Everything about the film is hyper real. It is interesting that in 2004 the novelist Philip Roth released the book The Plot Against America. The novel takes place in an alternate 1941 in which Charles Lindbergh becomes President of the United States and a supporter of Adolf Hitler. The book met with critical acclaim and considerably less controversy than Tarantino’s film. Why must cinema conform to history?
Just as literature is a manipulation of words and language, cinema is a manipulation of sound, light, image, and editing, so why pretend otherwise? More than that — why not use that to the utmost advantage in creating a story? This idea is central to the film. The title could be spelled correctly, but it isn’t. Hitler could have lived, but he doesn’t. These deviations from history and accuracy point out the fact that the film is a film and also pose the question, why does the cinema have to be like real life?
The film’s infamous ending offers Tarantino’s most pronounced metaphor for cinema. With high ranking Nazi officers trapped in a burning theatre, the fire started by 35-millimetre nitrate film, gunshots raining down upon them, the implication is clear. Cinema has the power to change history if one so pleases. There is no reason to accommodate history when engaged in myth-making
In Do You Find Me Sadistic, Lee Weston Sabo asserts, that “to neglect this power is to neglect cinema itself, and by exposing the grotesqueness behind the war films that came before it and displaying it in all its naked grisliness, Inglourious Basterds, like all transgressive comedies, undermines the power of other films’ lies.

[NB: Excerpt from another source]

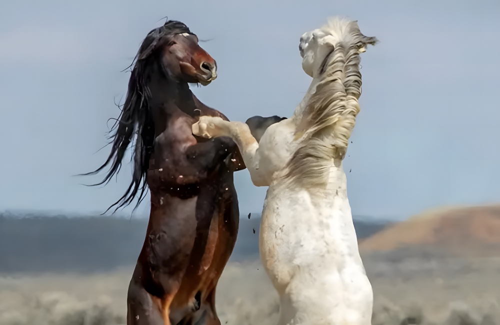 Deep within the arid plains, where the golden hues of the landscape blend seamlessly with the horizon, Danny Sullivan captures an enthralling dance of power and passion. Two majestic stallions, one dark as night and the other a shimmering white, rise on their hind legs, engaging in a breathtaking ballet.
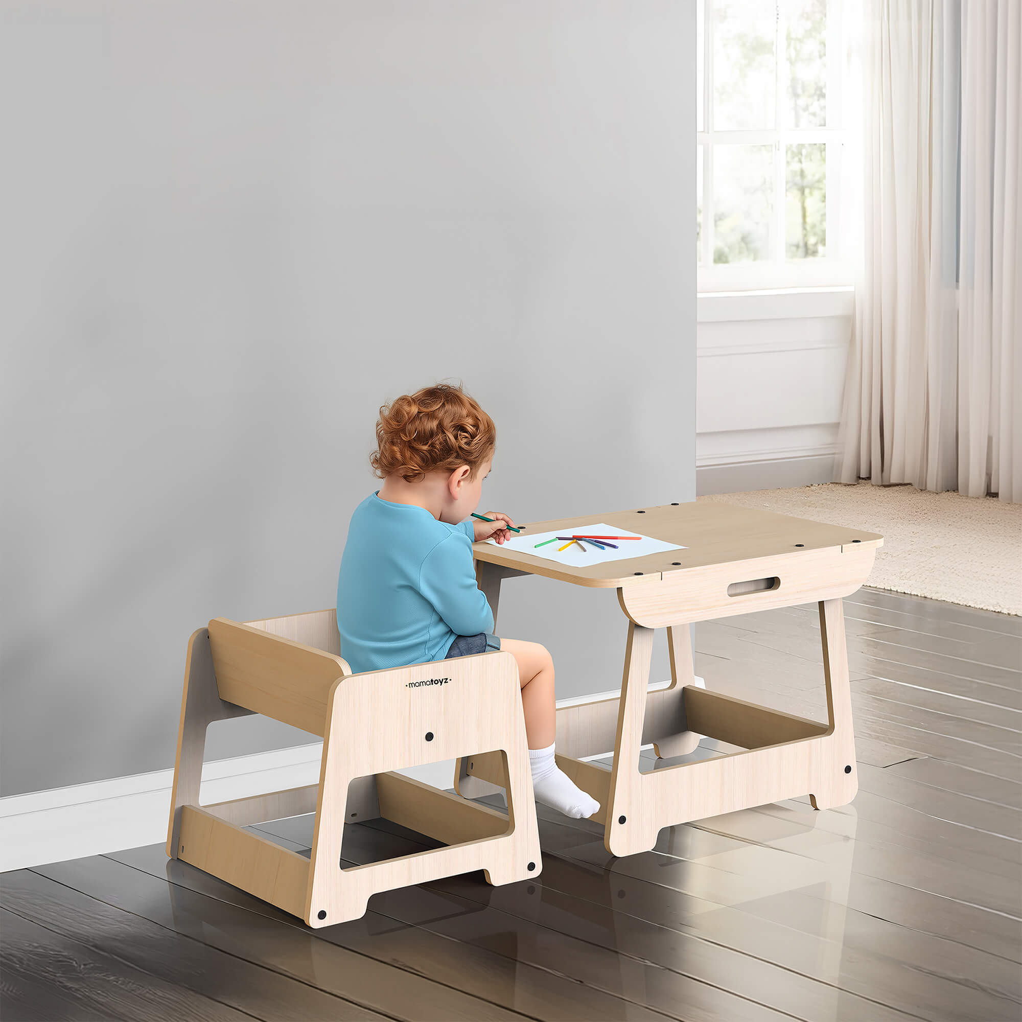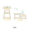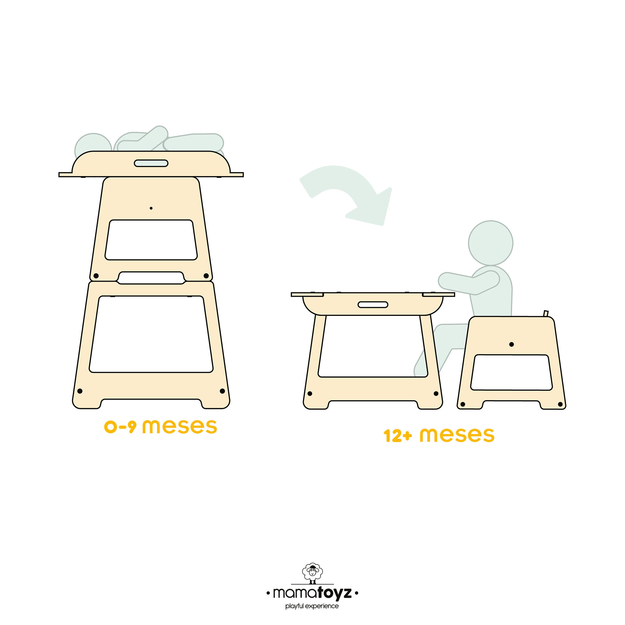 Cuando tu bebé crezca, el cambiador se transforma fácilmente en una práctica mesa y silla para juegos, manualidades o lectura.

This is what Inglourious Basterds is interested in—the unlimited power of the filmmaker. Whether it’s Leni Riefenstahl manipulating the 1934 Nazi Party Congress in Nuremberg or Tarantino completely altering the entire outcome of World War II, cinema provides us an outlet where our dreams and fantasies can escape and become real in some form. When it comes to the cinema, war really is over if you want it.